Want to put your elements into rows? Bootstrap uses a grid system that makes it easy for developers to do this just by using a Bootstrap class. This is often added to a div element and can customize the element's relative width.

Below is an illustration that shows what a 12-column Bootstrap grid layout looks like. So what do these abbreviations mean in the illustration? First, there is col-md.

12 column Bootstrap grid layout

This is the class that is being used. Col is the abbreviation for column. Md is short for medium. Md is used for the screen size.

So the md would help adjust the width for a medium-sized screen while an xs would adjust for a smaller screen size. After the md, you would put a number. When computers read this code, the number lets them know how many columns wide the element needs to be.

For example, let's say I want to make a button 3 columns wide for a laptop computer. I would give the button class "col-md-3". This lets the computer know the button will take up 3 columns.

Try this on your cat photo app with "col-xs-4". When you run your code, the buttons will be smaller, taking only 3 columns for each button. The last important Bootstrap class I'm covering today is row.

When you give a class row, all your elements will be lined up in a row. Do this with your buttons and they will side by side.

Time to stop for today!

Congratulations! You completed the first 10 Bootstrap lessons in the freeCodeCamp Bootstrap course. We covered some of the important fundamental skills of Bootstrap.
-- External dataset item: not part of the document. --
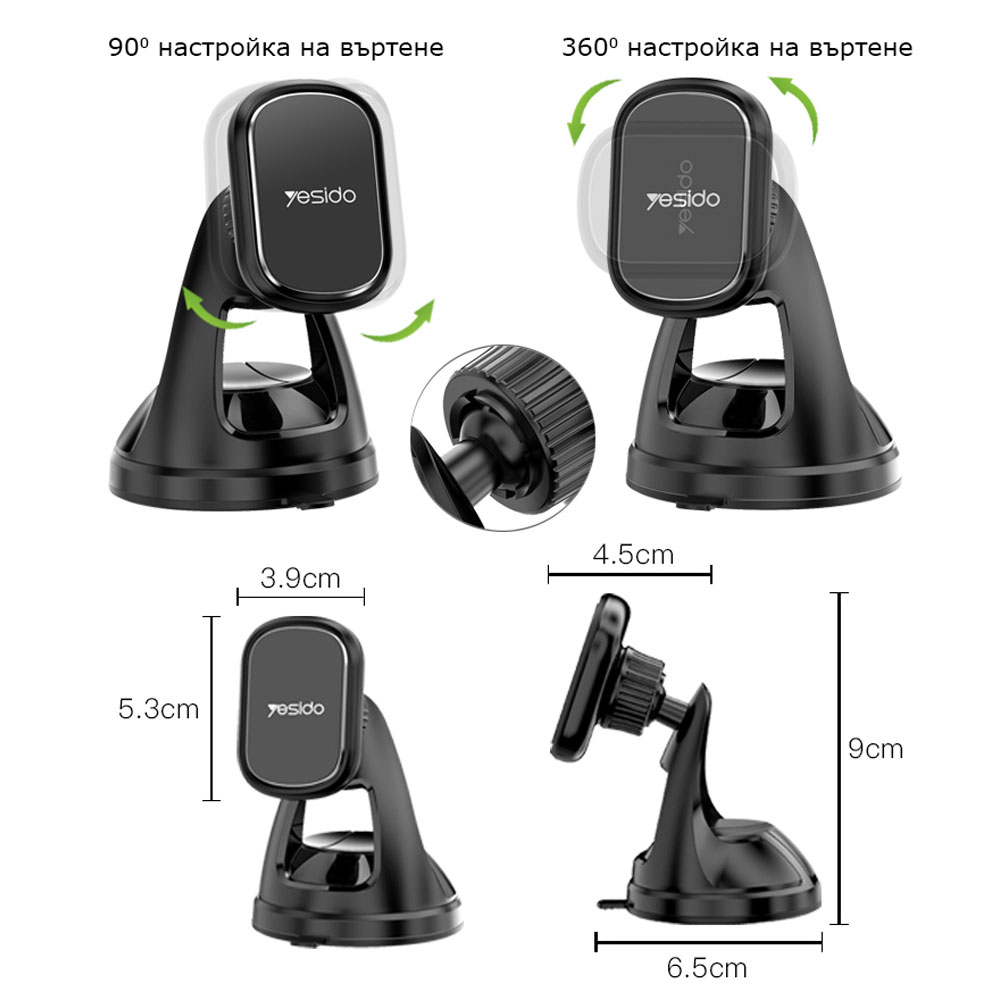 Allows 90° horizontal adjustment and 360° vertical adjustment. If the suction cup becomes dirty, clean it with water, wait for it to dry and it will regain its elasticity.

You learned how to add it to a website and how the Bootstrap grid system works. You learned how Bootstrap classes work and how to use them to make buttons for a website. Feel free to take a look at my pen for this project below and play with the window size to see how this affects the site elements.

Now that you know a little bit of Bootstrap, take some time to practice these new skills on your own and build some projects. Tomorrow, we will be back to Bootstrap. This time I'll show you how Bootstrap can be used to replace CSS. I also show you how to use Font Awesome icons for our buttons and give some style to the form in the Cat Photo App.